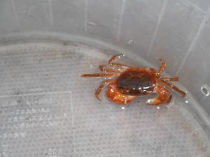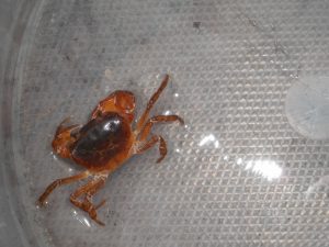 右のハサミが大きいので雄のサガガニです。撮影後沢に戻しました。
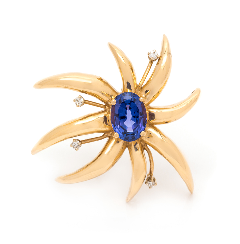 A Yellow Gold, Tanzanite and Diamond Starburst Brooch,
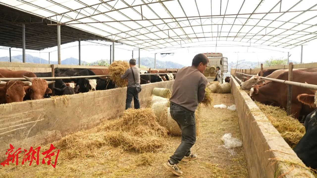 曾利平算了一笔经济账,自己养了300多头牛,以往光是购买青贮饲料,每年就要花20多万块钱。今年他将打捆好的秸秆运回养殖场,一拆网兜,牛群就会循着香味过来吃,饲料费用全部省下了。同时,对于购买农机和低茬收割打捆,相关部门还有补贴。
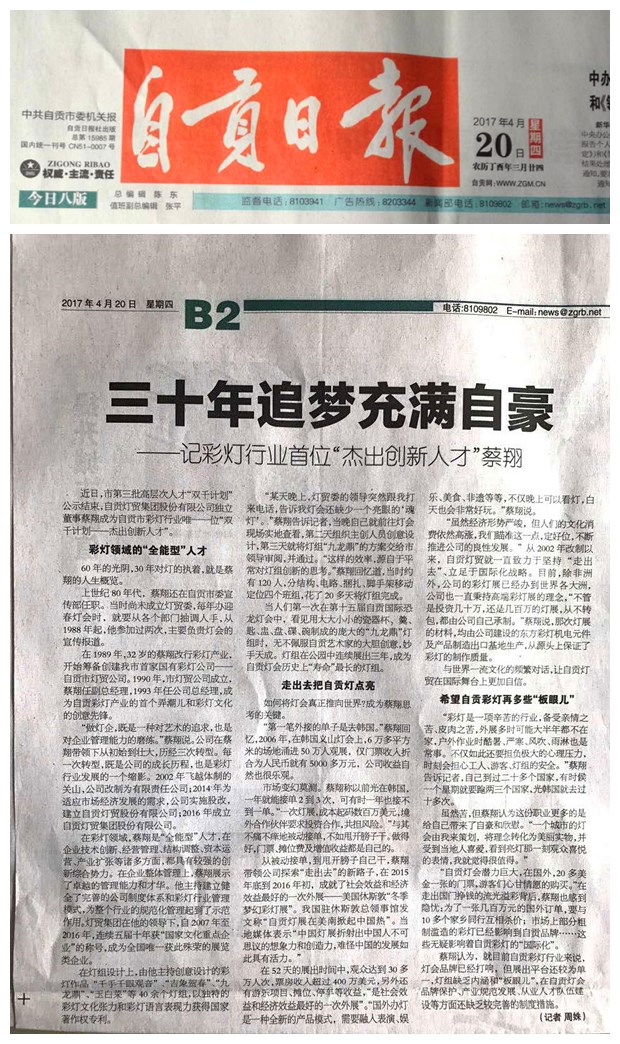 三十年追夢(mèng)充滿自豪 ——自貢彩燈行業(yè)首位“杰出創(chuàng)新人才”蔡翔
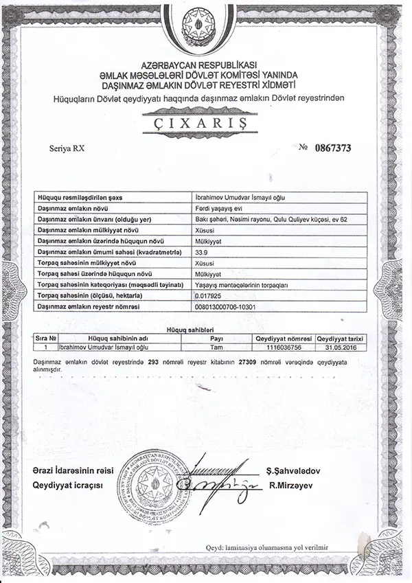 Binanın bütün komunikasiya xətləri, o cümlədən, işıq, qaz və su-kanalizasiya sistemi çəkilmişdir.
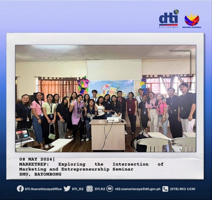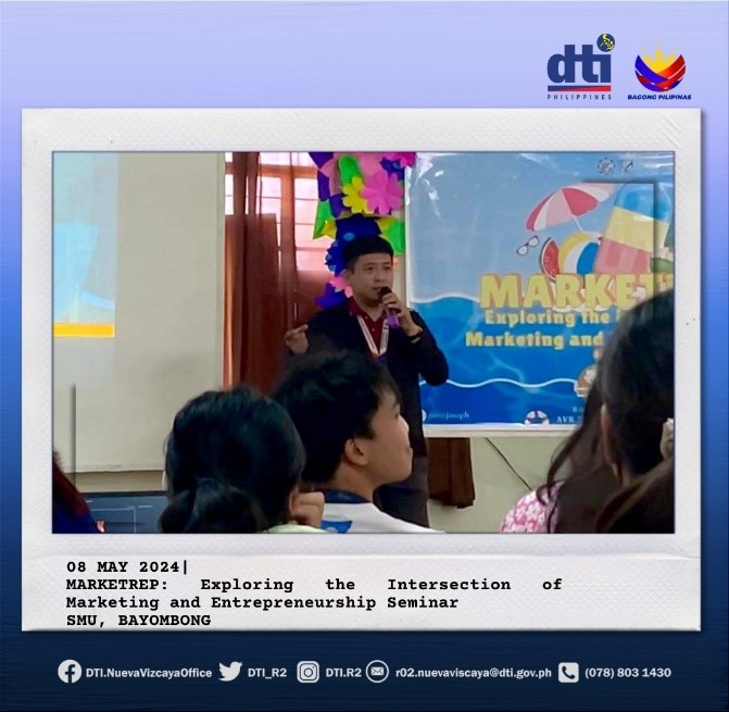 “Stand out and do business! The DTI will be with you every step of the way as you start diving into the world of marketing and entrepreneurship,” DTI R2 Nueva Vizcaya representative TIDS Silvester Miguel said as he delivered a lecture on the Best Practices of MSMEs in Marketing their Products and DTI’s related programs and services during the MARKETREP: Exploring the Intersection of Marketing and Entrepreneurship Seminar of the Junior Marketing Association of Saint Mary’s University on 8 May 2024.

^^^^

YOUR OBJECTIVE — Starting at the line that contains "Binanın bütün komunikasiya", extract each line through the last line of the material exactly as written, and include no pictures.

ANSWER BOX —
 Binanın bütün komunikasiya xətləri, o cümlədən, işıq, qaz və su-kanalizasiya sistemi çəkilmişdir.
 “Stand out and do business! The DTI will be with you every step of the way as you start diving into the world of marketing and entrepreneurship,” DTI R2 Nueva Vizcaya representative TIDS Silvester Miguel said as he delivered a lecture on the Best Practices of MSMEs in Marketing their Products and DTI’s related programs and services during the MARKETREP: Exploring the Intersection of Marketing and Entrepreneurship Seminar of the Junior Marketing Association of Saint Mary’s University on 8 May 2024.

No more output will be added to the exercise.